Me: “Did you need something else?”

Customer: “You turned around the monitor at the start for them but you wouldn’t show it to me until you’d finished putting everything in. Why?”

Me: “These customers are deaf and I can’t explain what I’m doing unless–”

Customer: “No, I want a REASON.”

Me: “As I explained when you asked before, we enter the prices manually and–”

Customer: “BUT IT’S NOT FAIR!”

Me: “I’m actually not supposed to turn the monitor for anyone. I make the exception for customers who can’t understand spoken English so–”

Customer: *interrupts with a furious, wordless scream which continues for an impressive length of time while the entire store stares, then RUNS full speed out of the store*

Unfiltered Story #32196

Unfiltered | November 21, 2015

(We are watching the opening scene of Chitty Chitty Bang Bang one afternoon. Note that the school is very conservative.)

Teacher: *moves to the other side of the room and starts dancing, then stops* I forgot we weren’t allowed to dance here. *goes back to her desk sheepishly*

Unfiltered Story #47621

Unfiltered | November 20, 2015

(my father in law has just spent time comparing the flashing lights and sounds of a casino to that of a pinball machine, emphasising that they’re both all about chance. My husband then disagrees, declaring that he had a much higher score than anyone else in the family on a particular pinball machine, and that it’s all about skill)

FIL: You know, he just says that because he’s a Pinball Wizard

ME: There’s gotta be a trick

HUSBAND: Yeah, see? She agrees, there’s skill involved.

FIL: Yeah, you just have such supple wrists.

ME: How do you think he does it?

FIL: I don’t know…

ME: (turning to husband, with a completely straight face as he starts to catch on) What makes you so good?

Unfiltered Story #56649

Unfiltered | November 20, 2015

(My co-worker uses the frothing pitcher we use for almond milk to make himself a latte using half almond milk and half regular milk. There is a little bit of the mixture left in the pitcher, and he sets it by the almond milk container in the fridge.)

Me: “Hey, don’t put it back. Dump it out.”

(He looks at me, unconvinced.)

Me: “There’s regular milk in there, right? People don’t want that if they get almond milk.”

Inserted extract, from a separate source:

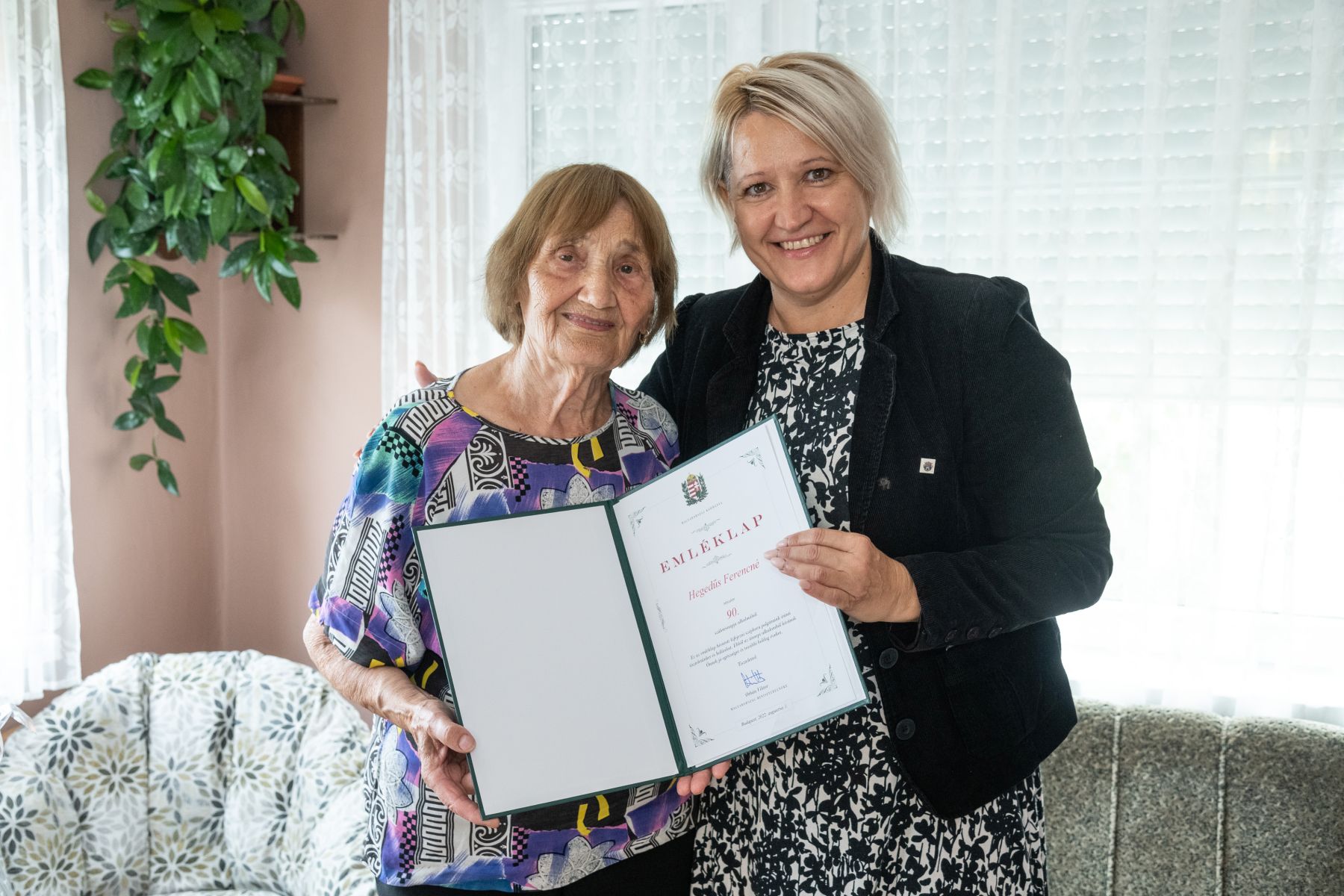 Hegedűs Ferencnét családja körében köszöntötte Székesfehérvár Önkormányzata és polgármestere nevében Deák Lajosné. A városrész önkormányzati képviselője ajándékcsomaggal és a miniszterelnök által aláírt emléklappal lepte meg az ünnepeltet.

Co-worker: “Oh, but it’s only a little bit.”

Me: “…”

Unfiltered Story #27923

Unfiltered | November 20, 2015

(My grandma used to drive a bus when she was in her 40s. She had a neighbor who wore very short shorts. One day, as my grandma was driving the bus by her neighbor’s house, her neighbor’s son started throwing rocks at the bus. My grandma stopped the bus and began to scold the little boy for throwing rocks.)

Neighbor: *running outside in her short shorts* “Be quiet, you fat pig!”

Grandma: “Oh, shut up, lady, your a** is hanging out of your pants!”

(The neighbor took her son and marched back into the house).